Casas de quilombolas e Igreja Católica foram incendiadas em Codó. Lideranças comunitárias e vários padres estão ameaçados de morte. Os casos são públicos e denunciados as autoridades, que aguardam o registro da violência com morticínio para se manifestarem.
Os conflitos agrários no Maranhão envolvendo trabalhadores rurais, quilombolas, povos indígenas e outras comunidades tradicionais, do outro lado estão grileiros, latifundiários, empresários da agropecuária e do agronegócio, com defesas de grupos políticos com fortes influências nas instituições do Executivo e do Judiciário. São muitas denúncias feitas por entidades da sociedade civil organizada a órgãos públicos estaduais e federais e de pouco ou nada adianta, uma vez que a opressão se torna mais acentuada. Apenas como exemplo temos o município de Codó, em que os ex-prefeitos Biné Figueirêdo e Zito Rolim já estiveram na lista suja do trabalho escravo e o deputado César Pires, que utilizaram muitas vezes a Policia Militar contra quilombolas e há casos de assassinatos com a marca de jagunços.
O INCRA durante o período em que foi manipulado pelo Partido dos Trabalhadores no Maranhão postergou desapropriações e até regularizações fundiárias e a maioria foi para atender interesses de políticos. Na Baixada Maranhense e no Baixo Parnaíba perderam-se a conta de pessoas que abandonaram suas posses seculares e as mortes praticadas por jagunços a serviço de elementos protegidos por políticos.

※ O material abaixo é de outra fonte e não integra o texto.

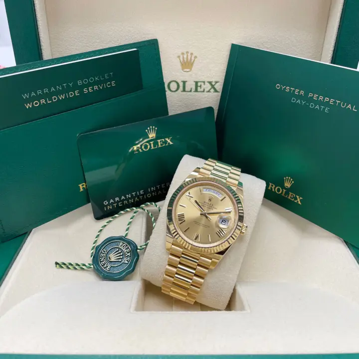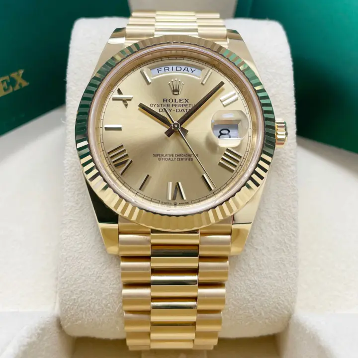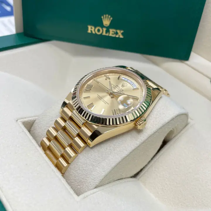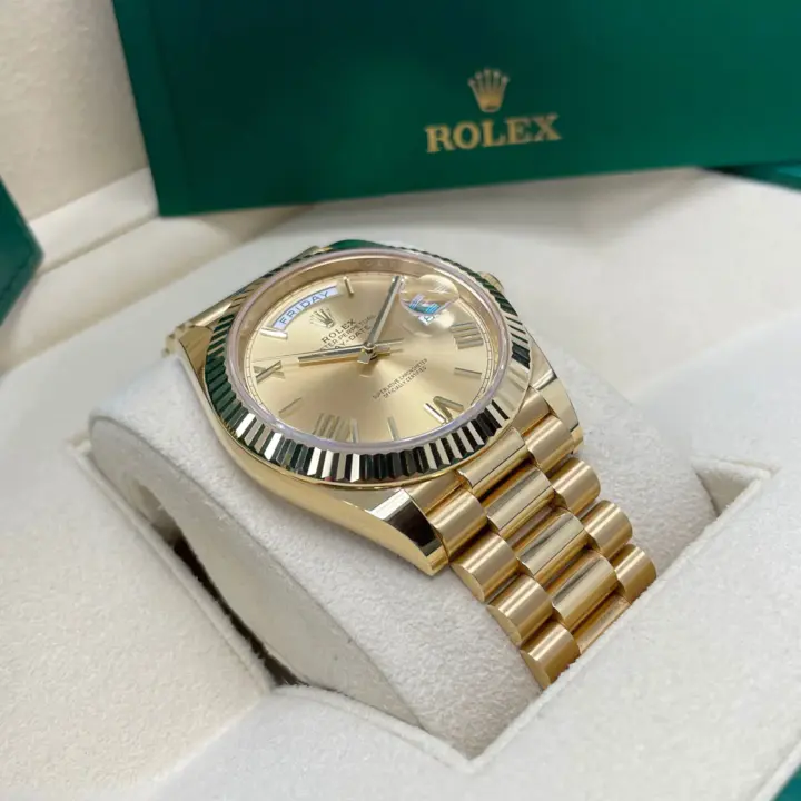 The Rolex fluted bezel is a mark of distinction. Originally, the fluting of the Oyster bezel had a functional purpose: it served to screw the bezel onto the case helping to ensure the waterproofness of the watch. It was therefore identical to the fluting on the case back, which was also screwed onto the case for waterproofness, using specific Rolex tools. Over time, the fluting became an aesthetic element, a genuine Rolex signature feature. Today the fluted bezel is a mark of distinction, in gold on this Day-Date 40.

Muitos dos assassinatos praticados em nosso Estado foram denunciados a Organização dos Estados Americanos e a Anistia Internacional, mas de pouco ou nada adianta, uma vez que a problemática continua crescente.
Para se ter uma dimensão da crueldade, os povos indígenas das áreas de Barra do Corda e Grajau, para garantir direitos legítimos à saúde, a escolas, merenda escolar, professores e respeito a dignidade deles , são obrigados a fazer interdições na principal rodovia do local e com estratégia eles conseguem alguma coisa, mas muitos dos seus direitos são roubados.
Há poucos dias a Comissão Nacional da Pastoral da Terra divulgou o caderno de conflitos no campo, em que estão registrados todos os problemas relacionados ao Maranhão. A CPT estadual afirma que o Governo do Maranhão tem informação de todos os 360 conflitos agrários no Estado e dos casos na iminência de confronto. É também público, que em 2016 foram registrados 196 casos de ocorrências de violência contra os povos do campo, além de 13 pessoas foram assassinadas e 72 estão ameaçadas de morte.
Diante dos fatos registrados com os povos indígenas Gamela, em Viana, em que pesam acusações graves de incitação a violência pelo ex-Secretário de Segurança Pública do Maranhão e atual deputado federal Aluísio Mendes, precisa ser investigado, assim como de outros políticos grandes responsáveis pelo derramamento de sangue no meio rural do Maranhão, mas apenas procuro lembrar, mesmo com a convicção plena de que a impunidade é certa.